All that time, the Agile community was busy debating whether organizations should first change their culture before trying to adopt Agile—and by “Agile” they meant Scrum, because Scrum took over the Agile community to a degree that Scrum almost became synonymous with Agile.

The rise of Scrum did great harm to the Agile movement, and indeed many have said that Agile is now broken as a result. (See my article here, and Dave Thomas's talk here.) For one thing, the availability of certification for Scrum resulted in a large number of people who had never programmed in their life obtaining an Agile certification, which they then used to get jobs as Agile coaches and Scrum Masters. Think about it: people with no programming experience telling programming teams how to do their job. It is no surprise that that did not work well. Today, there is a glut of Agile coaches, forcing down compensation; yet a very large percent of those coaches only know the Scrum process. I personally would prefer a coach who has years of experience on a programming team, as well as other leadership experience (of the servant leadership kind), perhaps even sales experience and P&L responsibility experience, because those kinds of experience make one sensitive to the real needs of a business. But the skills needed for a programming team coach is a lengthy topic in its own right.

The rise of Scrum occurred during the 2000s, with cloud computing coming onto the scene around the same time; but cloud computing was not really understood by most organizations until after 2010, and that is when the term DevOps came into being. By that time, the Agile community had finally figured out that Scrum cannot just be inserted into a large organization, but that other things also had to change to enable Scrum teams to work in that organization. The Agile community, by and large, did not understand large organizations, so its response was generally something like, “Don’t do Agile, be Agile”. However, that was not very helpful and it reflected the Agile community’s lack of knowledge of how to engage with organizations at the levels needed to make the necessary changes.

What happened next was that frameworks such as Less and SAFe came onto the scene. Less was generally supported by the Scrum community because it echoed that community’s ideology, which one could characterize as team-centric with a strong preference for self-organization and abhorrence of any kind of explicit authority. SAFe, in contrast, proposes a-lot of structure, and the the Scrum community has been very derisive of SAFe from the start. It continues to be to this day, to the extent that if someone wants to be a Scrum trainer, they are not allowed to also be a SAFe trainer—the Scrum Alliance will not certify someone who is known to be a SAFe trainer.
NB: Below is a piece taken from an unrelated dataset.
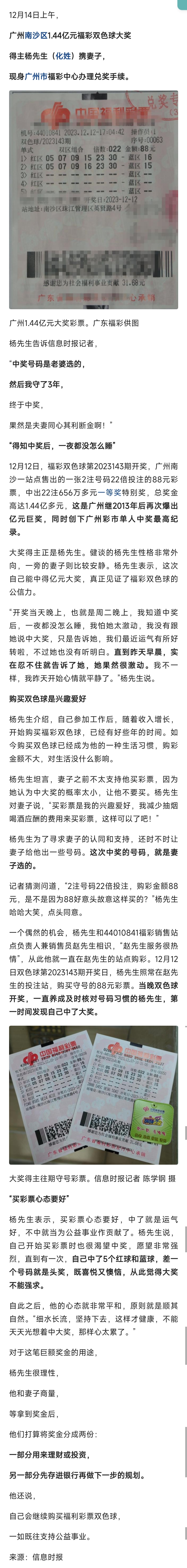 [盐都杂谈] 广州1.44亿大奖得主 现身兑奖
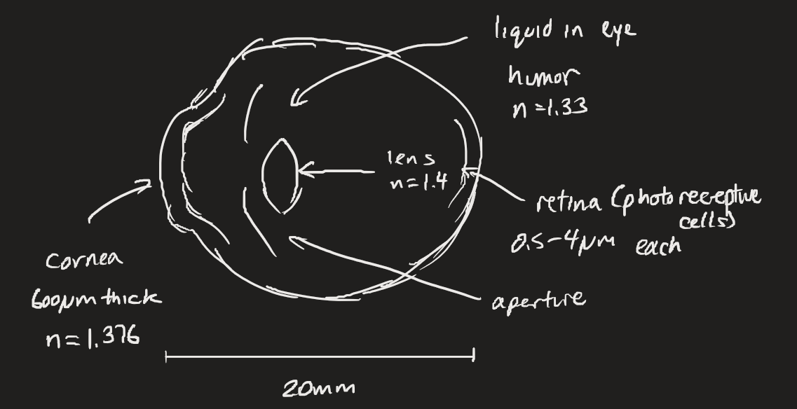- Object focal length — is around 12 mm. It varies as the eye accommodates, but not by too much.

How Agile is that? (If anyone wants to challenge my assertion, I have an actual case to back it up.)

Regardless of whether one prefers SAFe or Less or another framework, the important point is that the Agile community finally realized that its early dogma was too simplistic. It now has answers for how to “be” Agile, instead of simply saying that one should, as if it is the fault of the companies (the Agile coach’s customer) that they are not Agile—like they have a disease. Finally, the Agile community has useful answers to the question, What should we do?—other than “start doing Scrum”. It finally realized that to be something, you have to do something.

Meanwhile, the rise of DevOps took the Agile community by surprise, and now the Agile community has embraced DevOps as if DevOps is merely an extension or evolution of Agile, while the truth is that DevOps evolved completely independently out of the need to scale to Internet scale and deploy changes to Internet scale apps in rapid sequence. Fortunately, DevOps and Agile mesh together very well, because while the Agile community has chosen to focus mostly on process and behavior, DevOps practices are mostly around the technical questions of how to scale and rapidly deploy. Thus, DevOps has added a technical dimension back to the Agile viewpoint—a dimension which had been lost.